You’ve probably heard the claim, as I have, that Christmas trees began as a pagan custom. Then, at some point in history, Christians co-opted them for Christmas decorations. But repeating a wrong claim often enough does not make it true.
The reality is “the earliest historical reference to Christmas trees as such dates back to 16th century Germany. In 1561, an ordinance posted in Alsace declared that each burgher was allowed only one Christmas tree and that his tree could be no more than ‘eight shoes’ in height.” This first historical mention is many centuries after paganism died out in Europe.
So where did those Alsace Christmas trees come from? The most likely explanation is from the Adam & Eve plays which were performed on Dec. 24. Those plays served as a form of entertainment as well as way for the medieval church to teach people Bible stories.
Now any play about Adam and Eve in the garden of Eden, as told in Genesis 2, will need two trees: a “tree of the knowledge of good and evil” and a “tree of life”. In those plays, the “tree of life” was always some sort of evergreen with apples tied to its branches.

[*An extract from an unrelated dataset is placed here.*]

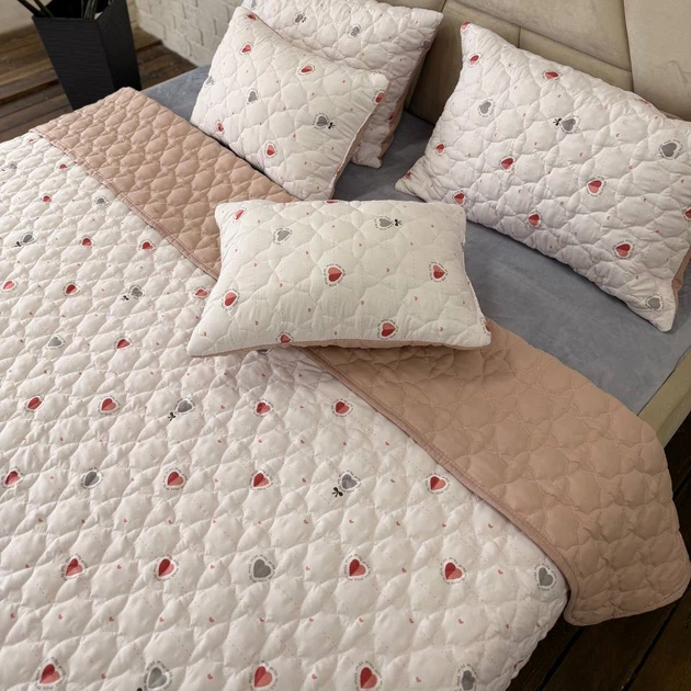 Покривало літнє стьобане Cappone Ніжність Сердець, 160х200 см + 2 подушки 40х60 см

It seems, rather than dismantle the “tree of life” used in the play, people started to carry this stage prop forward into the Christmas celebrations which began that same evening.
And there is something very fitting to this. Because the “tree of life” is a theme found at both the start and the end of the Bible.
After Genesis 2, Satan enters paradise in the form of a serpent. Genesis 3 recounts how he tempted our first parents to eat from the tree of the knowledge of good and evil (the only tree whose fruit God had forbidden them to eat). God then judges the serpent; God promises that one day the offspring of the woman shall crush the serpent’s head. Although God reconciles Adam and Eve to himself, Genesis 3 still ends with Adam and Eve exiled from Eden to prevent them from eating of the tree of life and living forever in their sinful state.
The tree of life shows up again in the last book of the Bible. In Revelation 2:7, the glorious risen and ascended Jesus gives this promise: “To the one who conquers I will grant to eat of the tree of life, which is in the paradise of God.”
Then Revelation Chapter 22 pictures for us a beautiful city where God’s people are to live in creation renewed and restored. Within this city is the tree of life, which bears a crop of fruit each and every month of the year and whose leaves bring healing. Revelation 22:14 reads: “Blessed are those who wash their robes, so that they may have the right to the tree of life and that they may enter the city by the gates.”
So, when you look at a Christmas tree – this evergreen tree with “fruit” decorating its boughs - let it point you to the salvation Jesus Christ brings. As both Son of God and Son of Man, Jesus came into the world to end the separation between God and human 小蓝视频s. In Jesus, forgiveness of sins is proclaimed. In him, our exile from Eden is over. By faith in Jesus, we are made citizens of the heavenly Jerusalem and look forward to an eternal dwelling place. Through him God has made a way for us to return to paradise; through him we are, once again, given access to the tree of life!
And so, as citizens of God’s kingdom, Christians developed the custom of the Christmas tree. To celebrate our Saviour’s birth, we decorate our homes with an evergreen tree with boughs filled with “fruit” – bringing, in some small way, a picture of the new heavens and new earth into our here and now. So merry Christmas! All glory be to Christ.